Oklahoma holds a unique place within the American conservation movement as the epicenter of the worst man-made ecological disaster in history, the Dustbowl. Out of the 1930s conservation districts were created by local farmers and ranchers who recognized the need to implement voluntary conservation practices on private working lands. Over the course of the last 80-plus years, Oklahoma has been a leader in the adoption of practices that benefit the health of our soils and water while building resiliency on our farms and ranches.
The Oklahoma Conservation Historical Society was formed in partnership with the Oklahoma Association of Conservation Districts, the Oklahoma Conservation Commission, the Natural Resources Conservation Service, the Oklahoma Chapter of the Soil and Waters Conservation Society and the RC&D Association. The Oklahoma Conservation Historical Society believes these interviews will preserve the storied and proud history of conservation in Oklahoma. This collection is a celebration of individuals and programs that have contributed to making Oklahoma known across the country as a leader in conservation.

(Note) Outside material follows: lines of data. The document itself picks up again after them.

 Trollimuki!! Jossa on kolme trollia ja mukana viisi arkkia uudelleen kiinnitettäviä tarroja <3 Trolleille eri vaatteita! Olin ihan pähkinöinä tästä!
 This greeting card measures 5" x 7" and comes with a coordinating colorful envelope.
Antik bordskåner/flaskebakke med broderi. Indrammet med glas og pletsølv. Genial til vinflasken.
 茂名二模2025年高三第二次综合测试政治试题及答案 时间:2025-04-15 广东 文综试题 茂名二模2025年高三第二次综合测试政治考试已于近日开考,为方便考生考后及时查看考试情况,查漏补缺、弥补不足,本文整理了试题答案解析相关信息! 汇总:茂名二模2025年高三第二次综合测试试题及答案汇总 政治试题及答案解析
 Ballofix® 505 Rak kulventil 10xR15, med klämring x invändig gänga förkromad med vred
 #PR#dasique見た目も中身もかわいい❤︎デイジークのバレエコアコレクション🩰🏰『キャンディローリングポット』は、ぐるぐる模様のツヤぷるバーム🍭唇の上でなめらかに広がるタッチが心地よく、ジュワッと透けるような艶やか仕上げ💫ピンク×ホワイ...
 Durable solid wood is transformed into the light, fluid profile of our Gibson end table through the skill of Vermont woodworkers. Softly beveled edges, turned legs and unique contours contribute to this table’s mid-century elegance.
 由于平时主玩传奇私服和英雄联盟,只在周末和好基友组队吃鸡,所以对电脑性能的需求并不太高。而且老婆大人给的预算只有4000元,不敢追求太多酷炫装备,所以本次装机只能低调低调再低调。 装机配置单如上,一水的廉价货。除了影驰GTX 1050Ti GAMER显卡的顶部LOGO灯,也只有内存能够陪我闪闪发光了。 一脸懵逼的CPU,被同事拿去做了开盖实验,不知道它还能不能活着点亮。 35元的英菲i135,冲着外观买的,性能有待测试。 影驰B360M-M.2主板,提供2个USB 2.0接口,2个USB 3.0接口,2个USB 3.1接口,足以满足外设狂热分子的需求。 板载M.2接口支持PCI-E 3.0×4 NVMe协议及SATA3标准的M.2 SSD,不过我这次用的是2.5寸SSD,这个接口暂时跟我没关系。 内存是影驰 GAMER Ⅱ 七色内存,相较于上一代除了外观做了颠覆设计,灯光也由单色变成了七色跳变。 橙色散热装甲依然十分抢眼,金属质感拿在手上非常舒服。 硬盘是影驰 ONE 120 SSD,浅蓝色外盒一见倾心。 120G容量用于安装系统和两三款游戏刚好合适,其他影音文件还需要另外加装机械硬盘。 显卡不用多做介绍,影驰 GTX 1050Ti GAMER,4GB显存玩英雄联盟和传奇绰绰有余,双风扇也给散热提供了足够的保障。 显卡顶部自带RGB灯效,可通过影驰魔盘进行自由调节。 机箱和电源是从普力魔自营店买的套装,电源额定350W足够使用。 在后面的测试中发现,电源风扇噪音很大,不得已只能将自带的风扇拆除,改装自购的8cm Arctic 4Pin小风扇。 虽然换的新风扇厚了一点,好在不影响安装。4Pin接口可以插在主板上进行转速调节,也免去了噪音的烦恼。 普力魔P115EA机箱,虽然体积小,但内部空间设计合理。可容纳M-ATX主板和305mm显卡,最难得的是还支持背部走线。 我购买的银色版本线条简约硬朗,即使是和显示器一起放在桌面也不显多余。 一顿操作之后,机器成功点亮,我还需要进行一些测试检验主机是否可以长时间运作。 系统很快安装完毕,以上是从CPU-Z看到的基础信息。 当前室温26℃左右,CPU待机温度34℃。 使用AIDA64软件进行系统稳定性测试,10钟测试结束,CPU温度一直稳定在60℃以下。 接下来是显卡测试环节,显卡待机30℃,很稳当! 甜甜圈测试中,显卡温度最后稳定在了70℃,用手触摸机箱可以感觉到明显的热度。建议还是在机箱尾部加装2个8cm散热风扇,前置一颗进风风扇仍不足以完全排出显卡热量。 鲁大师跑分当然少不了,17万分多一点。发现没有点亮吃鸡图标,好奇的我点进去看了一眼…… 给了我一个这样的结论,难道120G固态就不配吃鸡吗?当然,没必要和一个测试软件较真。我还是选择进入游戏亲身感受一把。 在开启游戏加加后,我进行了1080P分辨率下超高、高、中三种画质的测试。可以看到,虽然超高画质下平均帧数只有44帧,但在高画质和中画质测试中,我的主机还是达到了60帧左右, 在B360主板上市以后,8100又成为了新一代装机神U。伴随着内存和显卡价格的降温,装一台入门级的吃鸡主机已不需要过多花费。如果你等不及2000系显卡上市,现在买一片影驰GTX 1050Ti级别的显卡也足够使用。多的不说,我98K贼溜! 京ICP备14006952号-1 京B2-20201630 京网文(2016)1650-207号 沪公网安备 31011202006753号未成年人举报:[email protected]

Let us give you a couple of examples – Creede Speake, Jr., and Hal Clark – out of the many outstanding interviews you’ll hear in this collection.
Speake, born in Ardmore, Okla., in 1924 and a long-serving board member of the Caddo Watershed Association and of the Arbuckle Conservation District in Oklahoma, recalls his youth and his early interest in learning to be a pilot. He discusses some of his experiences serving during WWII and the Korean War and explains choices he made regarding his career as a rancher. Speake also talks about his involvement with conservation issues in his region and in the state and in particular his role in obtaining easements for upstream flood control structures.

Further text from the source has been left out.